To a round-bottom flask was added methyl 2-oxo-2H-pyran-5-carboxylate 11 (cf. Scheme 6) 2.65 g, 17.2 mmol), pyridine (52.1 mL) and D p-toluidine-d9 (98 atom % D, CDN Isotopes) (3.0 g, 25.8 mmol). The mixture was heated at reflux for 6 h. Upon cooling to rt, the reaction was diluted with EtOAc and washed with 1N HCl (3 times), saturated aqueous NaHCO3 (1 time), dried (Na2SO4), filtered and concentrated in vacuo. Purification via column chromatography on an ISCO instrument (0% to 40% EtOAc in hexane) provided 2.11 g of 23. NMR (CDCl3): δ 8.22 (d, J=2.13, 1H), 7.91 (dd, J=2.3, 10.1, 1H), 6.63 (d, J=9.6, 1H), 3.86 (s, 3H). MS (M+H): 251.2.

Step 2. 1-(4-(Methyl-d3)phenyl-d4)-6-oxo-1,6-dihydropyridine-3-carboxylic acid (24)

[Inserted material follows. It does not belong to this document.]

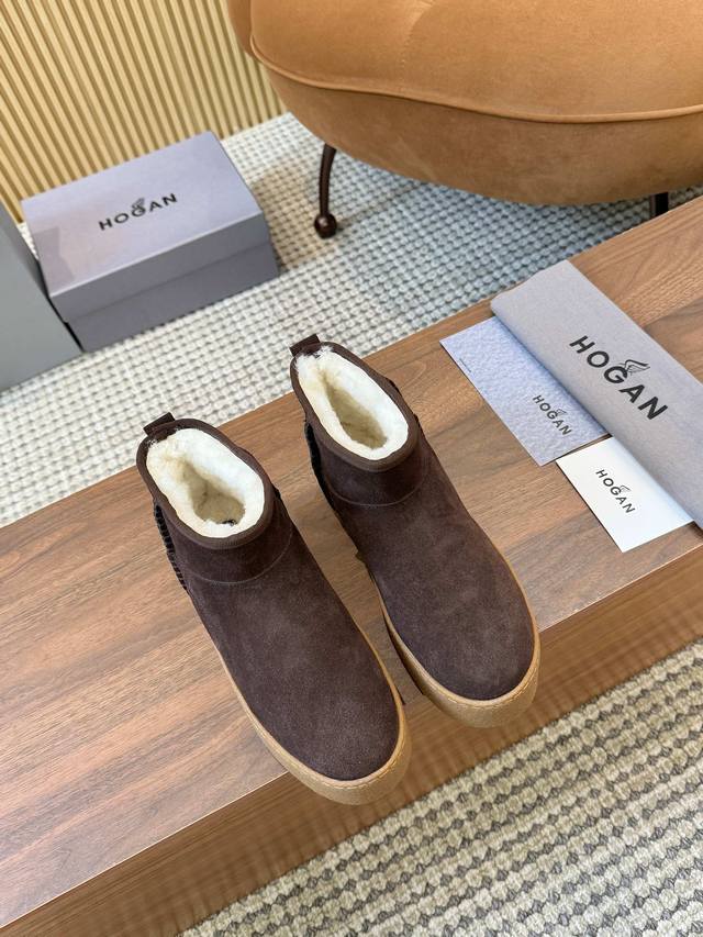 Solid price, no discounts! Hot selling Hogan new style! Women's fashionable round-toe genuine leather and wool ankle boots, sporty and casual, the thick sole instantly adds 55mm in height. Hand-stitched suede calfskin, modern minimalist aesthetic, back pull tab, high-elastic insole for comfortable and warm feet. A classic and timeless genuine leather ankle boot, a must-have for every autumn and winter. You deserve it. Women's sizes 35-40. DDD

A round-bottom flask was charged with methyl 1-(4-(methyl-d3)phenyl-d4)-6-oxo-1,6-dihydropyridine-3-carboxylate 23 (2.11 g, 8.45 mmol), THF (50.0 mL) and MeOH (12.6 mL). The resulting slurry was cooled to 0° C. A solution of LiOH (602 mg, 25.1 mmol) in water (25.1 mL) was added dropwise via cannula. After stirring for 5 min, the ice bath was removed. The mixture was stirred at rt for 45 min and then at 35° C. for 30 min. After cooling to rt, the mixture was acidified to pH 1 with 1N HCl and extracted with EtOAc (3 times). The combined organic layers were washed with brine, dried (Na2SO4), filtered and concentrated in vacuo to afford 1.82 g of 24 as a brown solid. MS (M+H): 237.1.

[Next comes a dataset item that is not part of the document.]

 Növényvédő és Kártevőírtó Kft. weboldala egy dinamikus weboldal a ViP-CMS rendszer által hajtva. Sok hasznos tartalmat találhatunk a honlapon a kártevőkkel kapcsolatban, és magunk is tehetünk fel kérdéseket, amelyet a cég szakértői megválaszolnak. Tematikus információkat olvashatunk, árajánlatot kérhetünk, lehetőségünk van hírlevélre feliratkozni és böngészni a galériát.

Step 3. 1-(4-(Methyl-d3)phenyl-d4)-5-(hydroxy)(methyl-d2))-pyridin-2(1H)-one (Compound 151)

A round-bottom flask was charged with 1-(4-(methyl-d3)phenyl-d4)-6-oxo-1,6-dihydropyridine-3-carboxylic acid 24 (1.72 g, 6.88 mmol), CH2Cl2 (19.1 mL), triethylamine (1.44 mL, 10.4 mmol), cooled to 0° C. and ethyl chloroformate (1.12 L, 10.4 mmol) was added. The mixture was stirred overnight at rt, then filtered through Celite. The flask and the filter cake were rinsed with Et2O. The filtered solution was concentrated under reduced pressure and the residue placed under high vacuum for approximately 20 min. The resulting material was dissolved in THF (46 mL), cooled to 10° C. and NaBD4 (98 atom % D, Cambridge Isotope Laboratories) (863 mg, 20.6 mmol) was added. To the resulting slurry was added MeOD (4.15 mL) via syringe pump at a rate of 0.034 mL/min. When the addition was complete, the reaction was diluted with MeOD and concentrated to near dryness on a rotary evaporator. This process was repeated twice. The resulting solid was suspended in CH2Cl2, silica gel was added, the slurry concentrated to dryness in vacuo, and the resulting solid was added to the top of a silica gel column. Two purifications via column chromatography on an ISCO instrument (0% to 10% MeOH in CH2Cl2, followed by a second column with 50 to 100% EtOAc in hexanes) provided 176 mg (11%) of the title compound 151. 1H NMR (CDCl3): δ 7.42 (dd, J=2.5, 9.6, 1H), 7.31 (d, J=2.4, 1H), 6.64 (d, J=9.6, 1H), 2.41 (s, 1H). MS (M+H) 225.3.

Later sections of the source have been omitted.